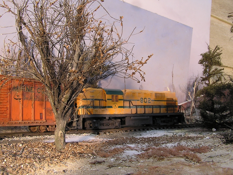 Excess trunk was trimmed off the bottom which was shaped into a point, then the tree was poked into the foam of the layout.
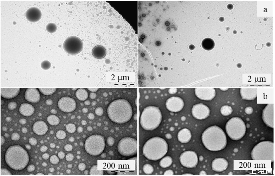 為了進一步證實這些大聚集體的形態,SCAG、SCAA、SCAS和SCOS水溶液的TEM顯微照片如圖3所示。SCAG和SCAA水溶液中形成球狀囊泡,而SCAS和SCOS自聚集成管狀囊泡。對于SCAG和SCAA,觀察到的球形囊泡的直徑分別約為1μm和100-200 nm,與DLS測量結果一致。SCAS和SCOS的小管長度L≤4μm,直徑d≤40 nm和100 nm。這些與DLS結果一致,表明由SCOS形成的聚集體的等效流體動力學直徑大于來自SCAS的聚集體。TEM結果表明聚集體的形態取決于氨基酸殘基和疏水尾部的結構。對于源自蓖麻油的表面活性劑,疏水尾部的-OH基團促進了球形囊泡的形成;而對于絲氨酸頭基上帶有-OH基團的表面活性劑,小管更穩定。
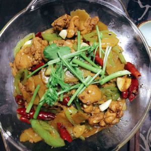 没有买到鸡,所以买了一包鸡腿,去骨头,只要鸡肉,嫌麻烦的可以直接把鸡腿剁开,油烧开放入花椒爆香,加入鸡腿,大火炒干鸡腿的水分
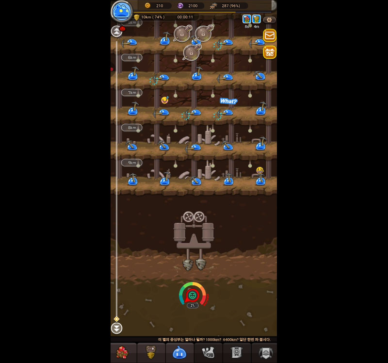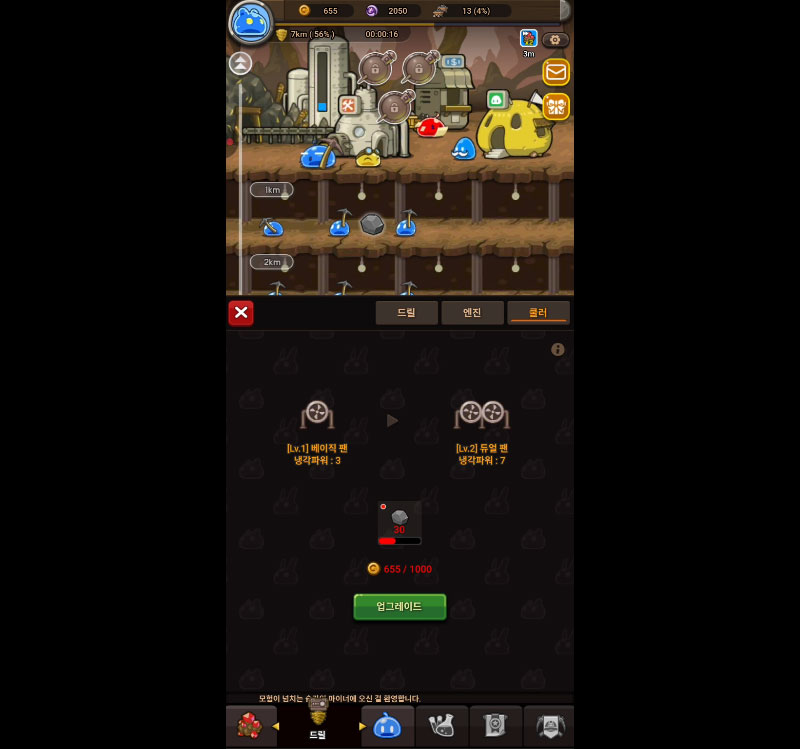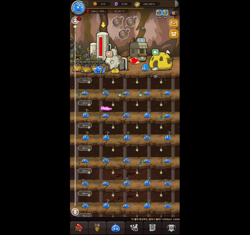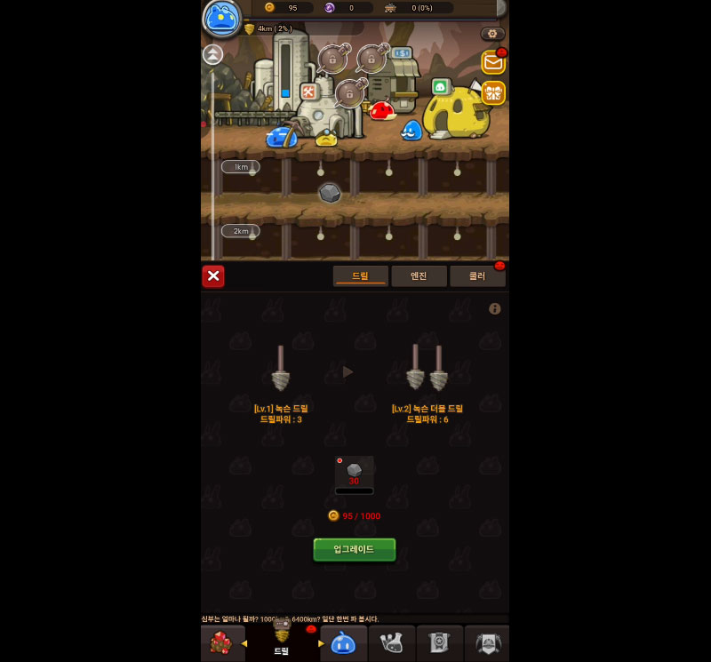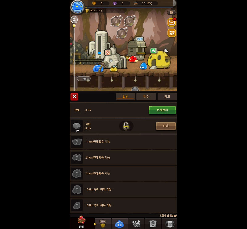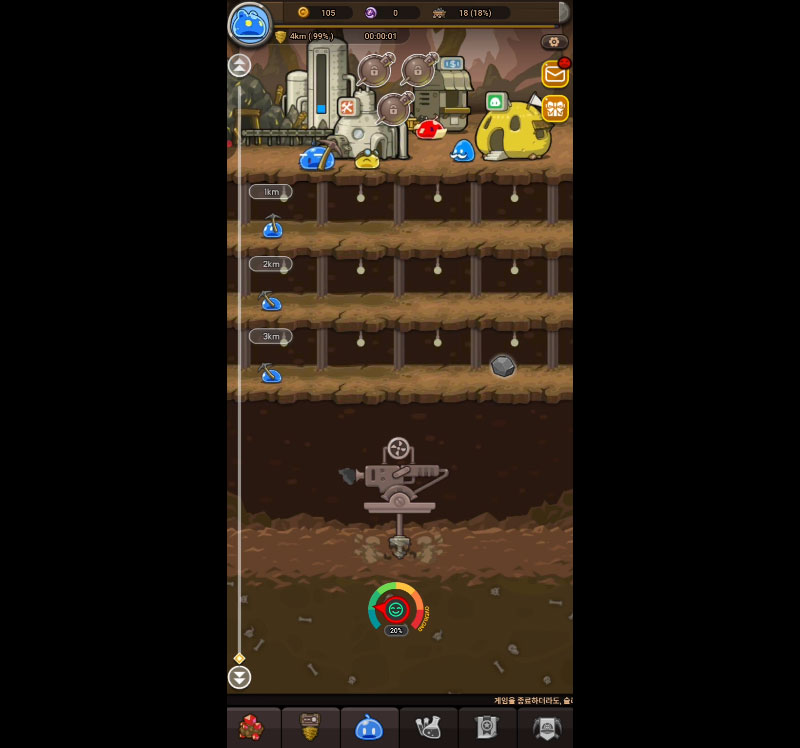 자원을 투자해 광부 슬라임, 장비, 기지를 성장시키는 재미
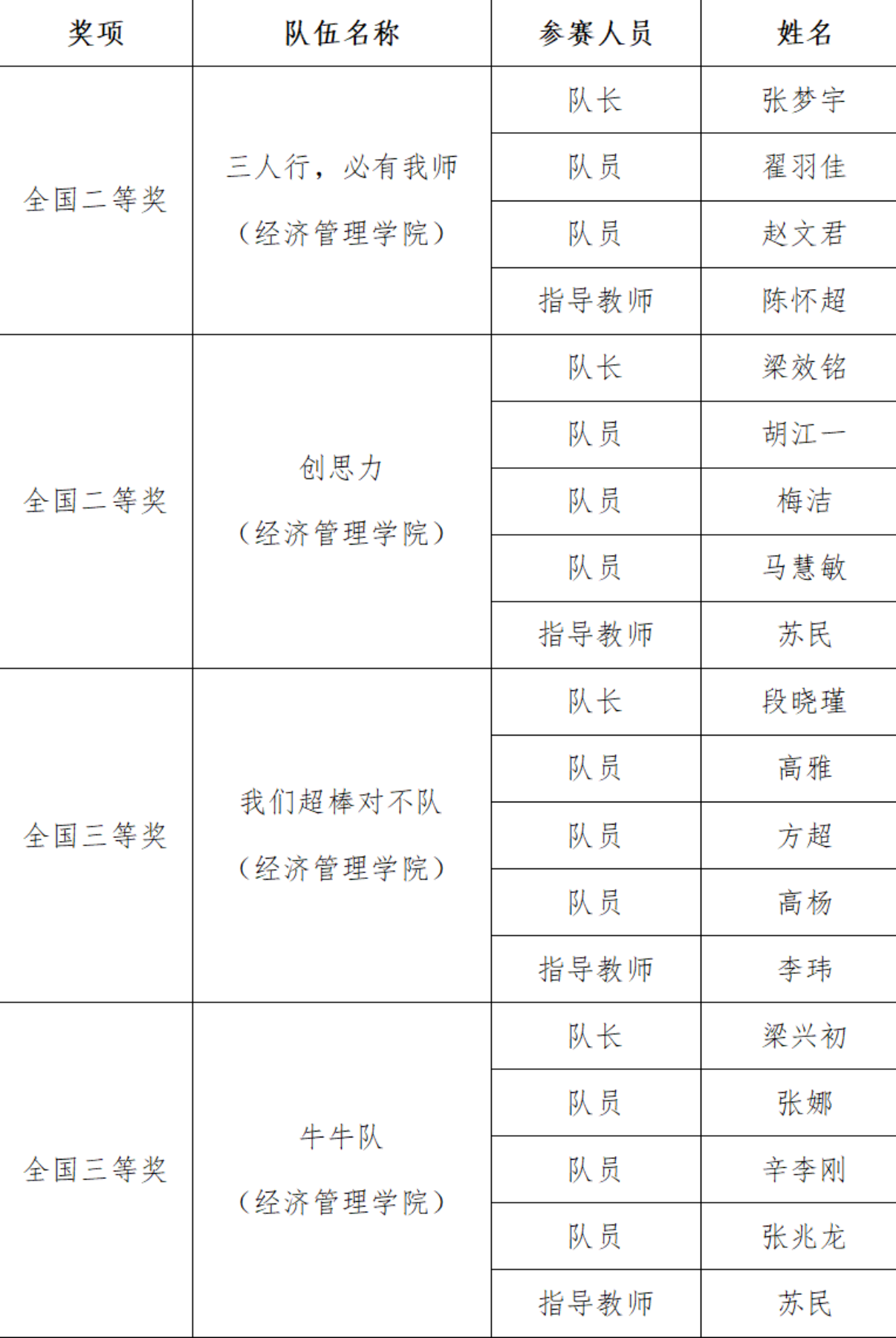 由经济管理学院陈怀超教授指导的MBA研究生张梦宇、翟羽佳、赵文君组成的“三人行,必有我师”队经过激烈角逐,最终斩获全国二等奖。同时,学校另外3支队伍“创思力”“我们超棒对不队”“牛牛队”分别荣获1项全国二等奖、2项全国三等奖。

> [Work to complete]: Every line above is to be duplicated exactly; no picture should be carried over.

> [Solution to this exercise]:
 Excess trunk was trimmed off the bottom which was shaped into a point, then the tree was poked into the foam of the layout.
 為了進一步證實這些大聚集體的形態,SCAG、SCAA、SCAS和SCOS水溶液的TEM顯微照片如圖3所示。SCAG和SCAA水溶液中形成球狀囊泡,而SCAS和SCOS自聚集成管狀囊泡。對于SCAG和SCAA,觀察到的球形囊泡的直徑分別約為1μm和100-200 nm,與DLS測量結果一致。SCAS和SCOS的小管長度L≤4μm,直徑d≤40 nm和100 nm。這些與DLS結果一致,表明由SCOS形成的聚集體的等效流體動力學直徑大于來自SCAS的聚集體。TEM結果表明聚集體的形態取決于氨基酸殘基和疏水尾部的結構。對于源自蓖麻油的表面活性劑,疏水尾部的-OH基團促進了球形囊泡的形成;而對于絲氨酸頭基上帶有-OH基團的表面活性劑,小管更穩定。
 没有买到鸡,所以买了一包鸡腿,去骨头,只要鸡肉,嫌麻烦的可以直接把鸡腿剁开,油烧开放入花椒爆香,加入鸡腿,大火炒干鸡腿的水分
 자원을 투자해 광부 슬라임, 장비, 기지를 성장시키는 재미
 由经济管理学院陈怀超教授指导的MBA研究生张梦宇、翟羽佳、赵文君组成的“三人行,必有我师”队经过激烈角逐,最终斩获全国二等奖。同时,学校另外3支队伍“创思力”“我们超棒对不队”“牛牛队”分别荣获1项全国二等奖、2项全国三等奖。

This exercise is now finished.